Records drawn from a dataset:
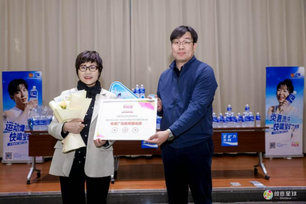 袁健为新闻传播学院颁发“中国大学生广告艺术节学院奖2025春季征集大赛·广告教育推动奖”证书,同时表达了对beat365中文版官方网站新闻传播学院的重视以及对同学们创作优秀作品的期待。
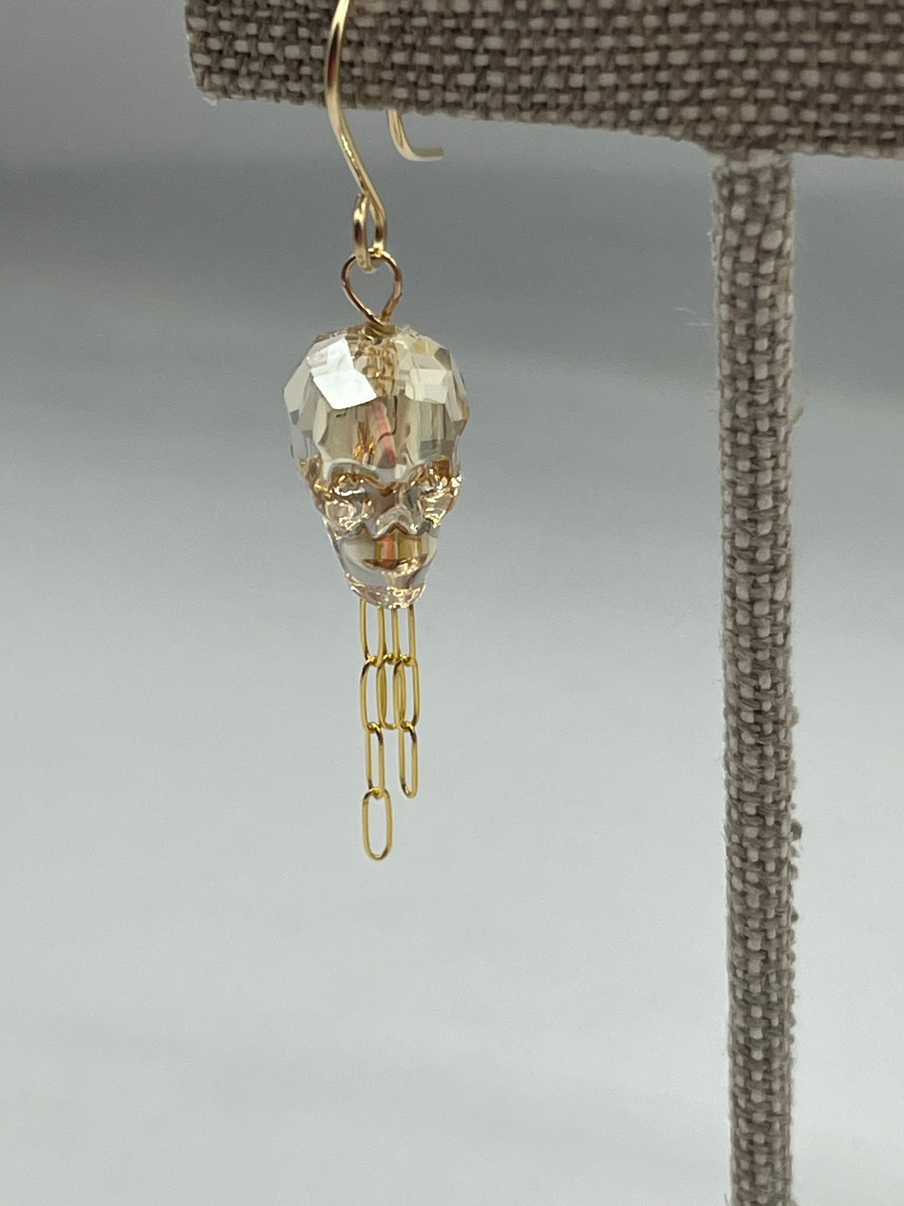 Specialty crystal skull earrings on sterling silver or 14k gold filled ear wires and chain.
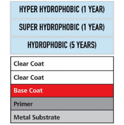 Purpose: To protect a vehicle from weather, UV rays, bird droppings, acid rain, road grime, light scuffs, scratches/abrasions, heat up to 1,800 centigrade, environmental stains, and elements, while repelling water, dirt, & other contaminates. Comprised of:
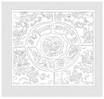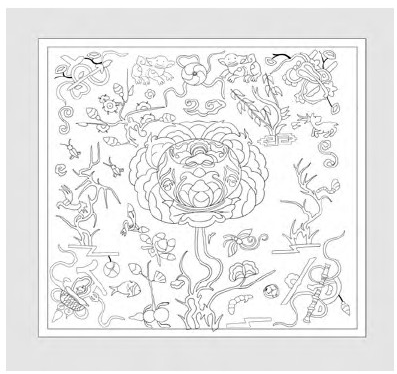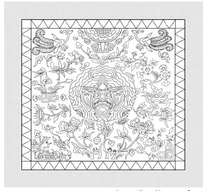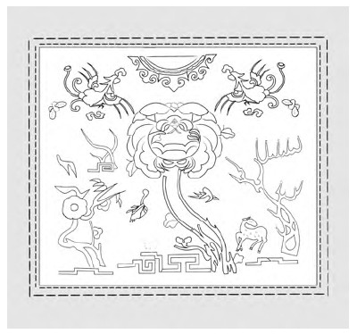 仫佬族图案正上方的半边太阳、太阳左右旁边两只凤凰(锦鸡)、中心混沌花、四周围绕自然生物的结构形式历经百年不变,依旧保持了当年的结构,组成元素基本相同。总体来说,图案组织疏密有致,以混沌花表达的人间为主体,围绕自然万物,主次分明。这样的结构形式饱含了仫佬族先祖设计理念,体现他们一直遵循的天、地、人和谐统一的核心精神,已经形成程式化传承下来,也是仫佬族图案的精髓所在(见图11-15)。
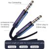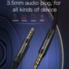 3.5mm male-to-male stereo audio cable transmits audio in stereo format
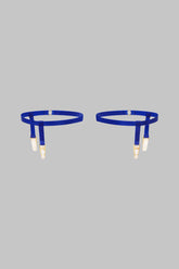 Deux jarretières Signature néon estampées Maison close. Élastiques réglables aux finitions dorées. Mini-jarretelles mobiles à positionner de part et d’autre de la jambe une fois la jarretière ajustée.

**WHAT YOU SHOULD DO:** Beginning with the line where "仫佬族图案正上方的半边太阳、" appears, restate word for word every line down to the last one in the data, but keep the pictures out.

**FINAL ANSWER:**
 仫佬族图案正上方的半边太阳、太阳左右旁边两只凤凰(锦鸡)、中心混沌花、四周围绕自然生物的结构形式历经百年不变,依旧保持了当年的结构,组成元素基本相同。总体来说,图案组织疏密有致,以混沌花表达的人间为主体,围绕自然万物,主次分明。这样的结构形式饱含了仫佬族先祖设计理念,体现他们一直遵循的天、地、人和谐统一的核心精神,已经形成程式化传承下来,也是仫佬族图案的精髓所在(见图11-15)。
 3.5mm male-to-male stereo audio cable transmits audio in stereo format
 Deux jarretières Signature néon estampées Maison close. Élastiques réglables aux finitions dorées. Mini-jarretelles mobiles à positionner de part et d’autre de la jambe une fois la jarretière ajustée.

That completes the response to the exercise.